After the adoption of the TRIPs Agreement, Subramanian (an IMF economist) examined the likely impact of introducing pharmaceutical product patents in small and large countries, in cases where either a perfectly competitive market or a Nash-Cournot duopolistic market becomes a monopoly under patents. The same author later applied this model to the particular case of Asian countries (India, Indonesia, Pakistan, Philippines and Thailand). He investigated annual price, welfare and profit effects for these countries consequent upon the TRIPs Agreement. Welfare and price effects were found to be negative for these countries, though given the transitional periods provided for by the Agreement and the extensive time required for the approval of new medicines, the effects would not be felt immediately. The same methodology, when applied to Argentina, also indicated a significant price increase (71%) and a fall in consumption (50%) when monopoly follows a competitive situation, and 16% and 25%, respectively, in the duopolistic-monopoly scenario.

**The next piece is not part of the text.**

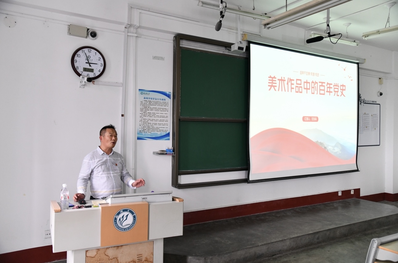 王東兵以時(shí)間線為軸,講述新民主主義革命時(shí)期、社會(huì)主義革命和建設(shè)時(shí)期、改革開放和社會(huì)主義現(xiàn)代化建設(shè)時(shí)期、中國特色社會(huì)主義新時(shí)期四個(gè)不同時(shí)期涌現(xiàn)出來的經(jīng)典美術(shù)作品,展現(xiàn)出中國美術(shù)的百年發(fā)展與中國共產(chǎn)黨輝煌的奮斗歷程相疊印,與黨的事業(yè)發(fā)展壯大同頻共振。他從畫面上的人物神態(tài)和動(dòng)作、色彩、光線投射等角度向同學(xué)們講解這些美術(shù)作品呈現(xiàn)出來的細(xì)節(jié)和畫面效果,讓他們通過美術(shù)作品了解到作品背后的歷史故事,加深了對黨的認(rèn)識,堅(jiān)定對黨的信仰。同時(shí),王東兵還熱情地與同學(xué)們進(jìn)行互動(dòng),不僅充分調(diào)動(dòng)了他們的學(xué)習(xí)興趣,也讓同學(xué)們感受到畫作藝術(shù)表現(xiàn)的魅力。培訓(xùn)結(jié)束后,同學(xué)們紛紛表示通過老師對這些美術(shù)作品的講解,對黨的發(fā)展歷程有了全面的認(rèn)識,對美術(shù)作品也有更深刻的理解,他們將充分發(fā)揮先鋒模范作用,為實(shí)現(xiàn)中華民族偉大復(fù)興的中國夢貢獻(xiàn)青春力量。

There are several methodological problems for estimating the likely impact of changes in patent law on pharmaceuticals as a result of the implementation of the TRIPs Agreement since - among other reasons - there are important differences from country to country in respect of patent laws, the characteristics of the local pharmaceutical industry, income levels and patterns of consumption. In addition, it is difficult to estimate the market share that would be covered by patented products, and estimates on price increases and welfare effects require assumptions on price elasticity for which only scant evidence is available.

Though the results of the various studies undertaken on possible price increases for medicines vary significantly, there is no doubt that patents lead to prices higher than those prevailing without protection. The generation of monopolistic rents is, in fact, the very purpose and essence of the patent system. Hence, while introducing or strengthening patent protection, in conformity with the TRIPs Agreement, its possible social effects, particularly on the low-income population, should be explicitly and carefully considered.

Finally, from a public policy perspective, the possible effects of changes in patent protection on other aspects, such as local innovation, foreign direct investment and transfer of technology, should also be assessed. So far, the available evidence indicates that, in general, a reinforced and expanded protection is not likely to increase the local rate of pharmaceutical Research & Development nor the flows of technology and investments to developing countries.